As a consequence of these concerns, the “World Summit” Outcome Document put R2P in a tighter harness. The Security Council’s sign-off was made a prerequisite for its implementation. The international community was required only to “encourage and advise” states to discharge their responsibility to protect. There was no explicit reference to enforcement by military means. Many R2P proponents were disappointed by this lowest-common-denominator declaration, but diluted formulations were the only ones Russia, China and varoius other countries were prepared to accept. Adding in the requirement for UNSCR approval means that their vetoes can prevent R2P-backed campaigns against friendly states and, more important, take the North Caucasus, Tibet and Xinjiang off the R2P map altogether. The same goes for sensitive zones in India, Brazil, Thailand, Burma, Nigeria, Indonesia and a dozen other states. So much for the displacement of realpolitik by increasingly influential, universal human rights norms.
he world has not obliged revolutionary liberals. Raison d’état is resilient: Practical interests shape what states do, not abstract ideals. The United States and its democratic allies are not exceptions to this rule. When it comes to R2P, they, just as China and Russia have, will block punitive measures against friendly governments. Imagine that the so-called Arab Spring makes a delayed appearance in Saudi Arabia. Would the Saudis ever face a Security Council resolution with “R2P” in it? Would the United States, Britain or France back an R2P resolution occasioned by Israel’s use of force in the West Bank or Gaza? No and no.
Those who doubt this might ponder recent events in Bahrain, where a Sunni-run state lords over its Shi‘a majority. The Obama Administration deemed Qaddafi’s violence against the Libyan opposition R2P-worthy but has been unmoved by the Bahraini regime’s repression of unarmed protestors. Nor is Washington’s stance likely to change so long as the U.S. Fifth Fleet is headquartered in Bahrain. Saudi Arabia played a decisive role in mobilizing Arab support for UNSCR 1973, which authorized the intervention against Qaddafi; but it sent troops into Bahrain to crush the Shi‘a rebellion three days before NATO’s intervention in Libya. Qatar, too, mustered Arab League support for the move against Qaddafi and provided combat aircraft to supplement NATO’s Libya intervention, but its troops joined the Saudi gendarmes’ march into Manama. What mattered for the Gulf monarchies was preventing the rise of a Shi‘a-dominated state in Bahrain aligned with Iran.
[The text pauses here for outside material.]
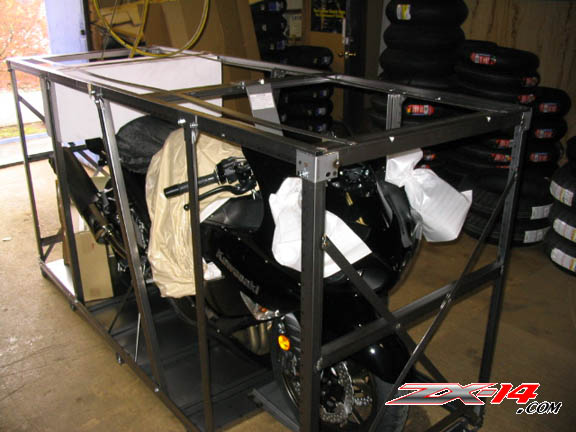Here's the 1st ZX-14 (ever) being uncrated...
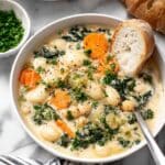 Keywords: vegan chickpea gnocchi soup, vegan soup, gluten free gnocchi soup, creamy vegan soup, plant-based soup, chickpea soup, potato gnocchi soup, dairy free soup

Self-determination and liberty could wait—indefinitely. Egyptian security forces killed 840 unarmed civilians and injured some 6,000 during the uprising against Mubarak; no major government invoked R2P.Had Mubarak survived and unleashed his army in full, would he have shared Qaddafi’s R2P-tinged fate? Not likely. Strong horses don’t attract R2P attention; only weak or vulnerable ones do.
Powerful democracies have long been willing to countenance the killing and expulsions of people and to arm governments that commit such acts. Consider some examples. Turkey’s war against the PKK has killed thousands of civilians since 1984 and displaced another 386,000. In 1988–89, Saddam Hussein gassed and deported thousands of Kurds, killing as many as 100,000 of them, and systematically razed their towns and villages. But Washington turned a blind eye because the Iraqi dictator was then providing a useful service by fighting Khomeini’s Iran.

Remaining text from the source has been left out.